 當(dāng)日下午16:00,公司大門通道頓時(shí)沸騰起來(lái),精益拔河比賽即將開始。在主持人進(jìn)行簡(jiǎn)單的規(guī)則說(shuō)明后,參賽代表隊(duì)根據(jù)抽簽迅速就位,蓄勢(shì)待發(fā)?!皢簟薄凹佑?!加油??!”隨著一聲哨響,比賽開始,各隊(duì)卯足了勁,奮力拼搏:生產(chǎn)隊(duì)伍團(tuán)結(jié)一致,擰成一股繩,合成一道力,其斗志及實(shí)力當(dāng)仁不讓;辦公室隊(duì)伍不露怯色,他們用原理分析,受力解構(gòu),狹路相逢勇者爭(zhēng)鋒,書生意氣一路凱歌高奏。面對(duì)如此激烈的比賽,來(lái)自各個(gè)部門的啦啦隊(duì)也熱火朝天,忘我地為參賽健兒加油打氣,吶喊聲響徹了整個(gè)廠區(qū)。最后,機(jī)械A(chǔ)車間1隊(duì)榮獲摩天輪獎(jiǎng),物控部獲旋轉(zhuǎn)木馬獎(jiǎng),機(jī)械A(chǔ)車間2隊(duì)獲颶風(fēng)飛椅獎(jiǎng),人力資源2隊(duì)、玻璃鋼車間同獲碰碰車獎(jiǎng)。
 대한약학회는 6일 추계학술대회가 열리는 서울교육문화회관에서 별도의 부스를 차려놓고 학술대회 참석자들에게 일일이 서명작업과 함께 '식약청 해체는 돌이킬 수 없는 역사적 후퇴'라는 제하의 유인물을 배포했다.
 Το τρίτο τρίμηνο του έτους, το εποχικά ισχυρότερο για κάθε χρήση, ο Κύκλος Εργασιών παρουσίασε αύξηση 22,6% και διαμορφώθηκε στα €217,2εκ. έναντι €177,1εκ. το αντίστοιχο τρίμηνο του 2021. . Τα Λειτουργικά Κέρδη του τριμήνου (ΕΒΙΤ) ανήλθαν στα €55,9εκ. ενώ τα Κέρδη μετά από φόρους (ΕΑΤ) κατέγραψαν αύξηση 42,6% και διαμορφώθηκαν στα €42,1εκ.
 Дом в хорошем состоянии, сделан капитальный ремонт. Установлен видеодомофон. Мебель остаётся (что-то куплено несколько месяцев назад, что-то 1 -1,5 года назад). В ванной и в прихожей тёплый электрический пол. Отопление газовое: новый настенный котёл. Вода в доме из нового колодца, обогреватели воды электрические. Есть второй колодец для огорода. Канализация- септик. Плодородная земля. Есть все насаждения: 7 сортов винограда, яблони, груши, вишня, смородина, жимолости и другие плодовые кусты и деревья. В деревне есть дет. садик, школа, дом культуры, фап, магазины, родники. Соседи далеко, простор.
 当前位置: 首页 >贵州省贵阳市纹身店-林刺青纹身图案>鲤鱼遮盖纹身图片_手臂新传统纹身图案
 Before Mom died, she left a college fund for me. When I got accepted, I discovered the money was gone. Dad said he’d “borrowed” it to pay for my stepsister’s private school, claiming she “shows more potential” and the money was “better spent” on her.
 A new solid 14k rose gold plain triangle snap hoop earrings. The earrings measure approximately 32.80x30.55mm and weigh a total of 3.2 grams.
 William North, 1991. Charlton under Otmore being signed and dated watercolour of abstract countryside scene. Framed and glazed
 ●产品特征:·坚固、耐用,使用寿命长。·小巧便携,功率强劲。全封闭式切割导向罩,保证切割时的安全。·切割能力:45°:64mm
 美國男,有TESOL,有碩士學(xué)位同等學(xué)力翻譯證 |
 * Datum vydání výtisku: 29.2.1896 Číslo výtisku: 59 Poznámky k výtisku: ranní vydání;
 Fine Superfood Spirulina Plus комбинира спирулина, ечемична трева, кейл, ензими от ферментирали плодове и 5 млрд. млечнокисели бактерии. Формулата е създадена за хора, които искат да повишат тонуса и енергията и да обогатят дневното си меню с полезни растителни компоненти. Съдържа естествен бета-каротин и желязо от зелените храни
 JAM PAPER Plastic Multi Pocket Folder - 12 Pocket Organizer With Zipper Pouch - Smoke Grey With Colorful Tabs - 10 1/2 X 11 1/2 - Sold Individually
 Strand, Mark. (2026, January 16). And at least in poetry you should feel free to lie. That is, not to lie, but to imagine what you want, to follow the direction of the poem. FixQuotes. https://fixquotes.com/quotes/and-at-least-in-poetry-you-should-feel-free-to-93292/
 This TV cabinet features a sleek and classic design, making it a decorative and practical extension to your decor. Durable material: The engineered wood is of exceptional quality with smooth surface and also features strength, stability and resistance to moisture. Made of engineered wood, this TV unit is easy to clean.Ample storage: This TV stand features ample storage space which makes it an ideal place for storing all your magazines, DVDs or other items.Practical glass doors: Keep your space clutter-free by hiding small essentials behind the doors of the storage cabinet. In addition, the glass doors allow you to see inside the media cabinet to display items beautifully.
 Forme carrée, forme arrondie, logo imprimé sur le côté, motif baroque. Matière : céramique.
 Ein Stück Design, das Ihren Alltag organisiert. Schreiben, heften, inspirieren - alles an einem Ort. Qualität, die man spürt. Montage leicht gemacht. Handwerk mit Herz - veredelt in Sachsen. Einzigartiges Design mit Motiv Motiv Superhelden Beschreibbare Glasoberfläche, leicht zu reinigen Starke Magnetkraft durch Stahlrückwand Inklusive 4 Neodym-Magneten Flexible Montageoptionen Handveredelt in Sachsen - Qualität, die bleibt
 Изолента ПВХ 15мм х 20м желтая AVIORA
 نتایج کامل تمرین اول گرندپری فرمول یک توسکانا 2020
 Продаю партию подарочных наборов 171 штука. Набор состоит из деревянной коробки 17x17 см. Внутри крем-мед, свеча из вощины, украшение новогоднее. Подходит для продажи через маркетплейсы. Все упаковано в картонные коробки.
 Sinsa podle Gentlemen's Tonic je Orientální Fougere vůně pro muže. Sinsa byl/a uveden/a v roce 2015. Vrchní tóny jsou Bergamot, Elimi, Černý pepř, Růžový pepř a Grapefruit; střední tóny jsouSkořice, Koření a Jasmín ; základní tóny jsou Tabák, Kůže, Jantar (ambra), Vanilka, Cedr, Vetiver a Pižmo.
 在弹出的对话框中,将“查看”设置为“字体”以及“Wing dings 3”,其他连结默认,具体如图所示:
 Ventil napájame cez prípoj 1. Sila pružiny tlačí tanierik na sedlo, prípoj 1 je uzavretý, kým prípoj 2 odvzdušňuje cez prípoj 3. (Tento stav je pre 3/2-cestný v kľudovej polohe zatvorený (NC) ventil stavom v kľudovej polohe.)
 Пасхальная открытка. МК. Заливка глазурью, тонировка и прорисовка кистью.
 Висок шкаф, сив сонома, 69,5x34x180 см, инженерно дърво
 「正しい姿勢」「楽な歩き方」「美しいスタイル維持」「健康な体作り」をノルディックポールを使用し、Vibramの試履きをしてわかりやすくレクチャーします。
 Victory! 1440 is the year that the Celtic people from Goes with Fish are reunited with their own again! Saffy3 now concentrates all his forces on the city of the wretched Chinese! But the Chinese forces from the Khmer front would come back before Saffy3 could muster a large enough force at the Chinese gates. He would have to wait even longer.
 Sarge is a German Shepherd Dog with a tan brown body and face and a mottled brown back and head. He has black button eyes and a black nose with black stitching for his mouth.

--*--

- Problem to work on -
Please give back exactly the lines of this listing beginning at the line with "美國男,有TESOL,有碩士學(xué)位同等學(xué)力翻譯證 |" and ending with the line with "Strand, Mark. (2026, January", both included, and nothing else.

- Written solution -
 美國男,有TESOL,有碩士學(xué)位同等學(xué)力翻譯證 |
 * Datum vydání výtisku: 29.2.1896 Číslo výtisku: 59 Poznámky k výtisku: ranní vydání;
 Fine Superfood Spirulina Plus комбинира спирулина, ечемична трева, кейл, ензими от ферментирали плодове и 5 млрд. млечнокисели бактерии. Формулата е създадена за хора, които искат да повишат тонуса и енергията и да обогатят дневното си меню с полезни растителни компоненти. Съдържа естествен бета-каротин и желязо от зелените храни
 JAM PAPER Plastic Multi Pocket Folder - 12 Pocket Organizer With Zipper Pouch - Smoke Grey With Colorful Tabs - 10 1/2 X 11 1/2 - Sold Individually
 Strand, Mark. (2026, January 16). And at least in poetry you should feel free to lie. That is, not to lie, but to imagine what you want, to follow the direction of the poem. FixQuotes. https://fixquotes.com/quotes/and-at-least-in-poetry-you-should-feel-free-to-93292/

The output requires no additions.